Timeouts can be set on a task to ensure they don’t run too long, causing a workflow failure if triggered. Tasks come with default timeouts which can be overridden as follows:

task.timeout = 300

The integer value is number of seconds, with a maximum of 10 hours (36000 seconds).

Using Batch Workflows

Coming soon…

Multiplex Inputs

Some inputs are flagged as “multiplex”, which means you can assign an arbitrary number of input sources or values to a task. For example, if a task has a multiplex input port named “data”, you can set extra inputs as follows:

task = gbdx.Task('Task-Name')
task.data1 = 'some value for data1'
task.data_foo = 'some value for data_foo'

As long as you use the original input port name as the prefix for your inputs, it will be handled correctly.

Saving Output Data to S3

Workflow outputs can be saved to S3 by creating a “SaveToS3” task or with:

workflow.savedata(aoptask.outputs.data, location='some_folder')

This will save the output to: s3://<gbdx-customer-data-bucket>/<your-account-id>/some_folder.

gbdxtools automatically handles your GBDX account location (bucket and account id) for you.

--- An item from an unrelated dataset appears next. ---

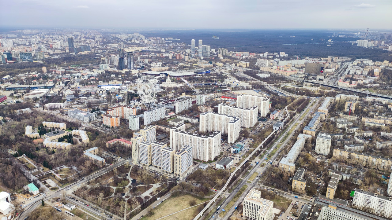 На фотографии запечатлена панорама московского района, включающая комплекс ВДНХ и современное колесо обозрения, различимое в центре кадра. Съёмка выполнена с Останкинской телебашни, что подтверждается высокой точкой обзора и широким углом покрытия городской застройки. В кадре присутствуют жилые кварталы, транспортные линии и обширная парковая зона. ВДНХ — исторический выставочный комплекс, созданный в 1939 году и являющийся культурным объектом федерального значения. Снимок подходит для материалов о туризме, истории городской среды и крупных общественных пространствах.

Note that this bucket will be shared by all users under the GBDX account.

You can omit the location parameter and the output location will be s3://bucket/prefix/<random-GUID>

To find out where workflow output data is getting saved, you can do:

>>> workflow.list_workflow_outputs()
{u'source:AOP_Strip_Processor_35cb77ea-ffa8-4565-8c31-7f7c2cabb3ce:data': u's3://dummybucket/7b216bd9-6523-4ca9-aa3b-1d8a5994f054/some_folder'}

You can also see the contents of your bucket/prefix using this link: http://s3browser.geobigdata.io/login.html.

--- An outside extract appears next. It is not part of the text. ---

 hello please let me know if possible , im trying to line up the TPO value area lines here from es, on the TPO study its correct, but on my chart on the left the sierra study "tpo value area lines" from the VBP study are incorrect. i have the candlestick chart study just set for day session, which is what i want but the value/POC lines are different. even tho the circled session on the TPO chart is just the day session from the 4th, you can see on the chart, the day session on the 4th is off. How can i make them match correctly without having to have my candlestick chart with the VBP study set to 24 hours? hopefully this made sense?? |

To download a file from your S3 bucket, use the s3.download() method:

>>> item = 'testdata/test1.tif'
>>> gbdx.s3.download(item)

The file path does not need the account bucket or prefix.

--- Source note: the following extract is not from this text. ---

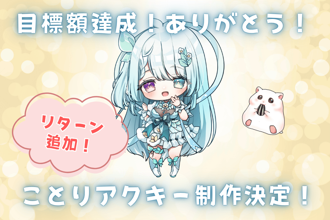 目標額達成しました!たくさんの応援ありがとうございます!!ご支援くださっているみなさま、ページを見てくださってるみなさま、本当にありがとうございます・・・!本日、ありがたいことに目標金額を達成することができました・・・!!開始1週間ほどで達成することができ、本当に感無量の気持ちでいっぱいです。ご支援くださったみなさん、本当にありがとうございます!感謝を込めて、リターンを追加致します!こんなに早く目標金額に到達できたことの感謝を込めて、リターンをひとつ追加させていただくことに決めました。おおぞらことりのSDキャラのアクキーを制作し、こちらを3000円以上の支援を頂いたみなさま全員にお送りさせていただきます!クラファンをしようと決めた背景のひとつに応援してくれたみんなに自分が思うかたちでありがとうが届けられるからというのがありました。ライドリを導入したのも同じ理由で、みんなから頂く支援や投げ銭に対して「ありがとう」をもっといいかたちで伝えられたらいいなとずっと思ってきました。SHOWROOMでランキングなどを気にしながらがんばっていたときには終わったらすぐに次のイベントを考える状況で、妖精業務をしながらの配信のなかで思うように時間が作れず、みんなに十分にお礼をできなかったなぁといつもどこかで気にしていたので今回はすべて自分でできるぶん、やれることはやろうと思っていました。何より、人間の人生でも妖精になってからも一度もやったことのないクラウドファンディングだったので最初は本当にどうなるかと震えながらはじまりました。それが蓋を開けてみれば本当にたくさんの支援を頂いてこんなに早く目標を達成できる未来がくるなんて!みんな、本当に本当にありがとうー!ここからはさらなる夢の実現に向けて、ネクストゴールを打ち出して参ります!まだ呼びかけ切れてない場所がいろいろあるのでSHOWROOMでも改めて支援の呼びかけをさせて頂くつもりです。おおぞらことり初のグッズがこのアクキーとピンバッジになりますのでどちらもこだわりぬいて素敵なものをお届けしたいなぁー!支援くださったみんな、ぜひ楽しみに待っててねー!

It is also possible to upload files to your account bucket and prefix in S3. The source file directory structure is not mirrored. To save to a subdirectory in your bucket/prefix or change the name of the saved file, specify the new file path in the argument s3_path.

>>> item = 'testdata/test1.tif'
>>> gbdx.s3.upload(item)
'mybucket/myprefix/image.tif'

>>> gbdx.s3.upload('./images/image.tif')
'mybucket/myprefix/image.tif'

>>> gbdx.s3.upload('./images/image.tif', s3_path='images/image.tif')
'mybucket/myprefix/images/image.tif'

>>> gbdx.s3.upload('./images/image.tif', s3_path='new_image.tif')
'mybucket/myprefix/new_image.tif'

Getting Your S3 Information

Should you need to know your S3 information for troubleshooting, use the s3 member of the Interface:

>>> gbdx.s3.info

 {u'S3_access_key': u'blah',
 'S3_secret_key': u'blah',
 'S3_session_token': u'blah',
 'bucket': u'gbd-customer-data',
 'prefix': u'58600248-2927-4523-b44b-5fec3d278c09'}

Running Workflows via the Workflow Module (advanced)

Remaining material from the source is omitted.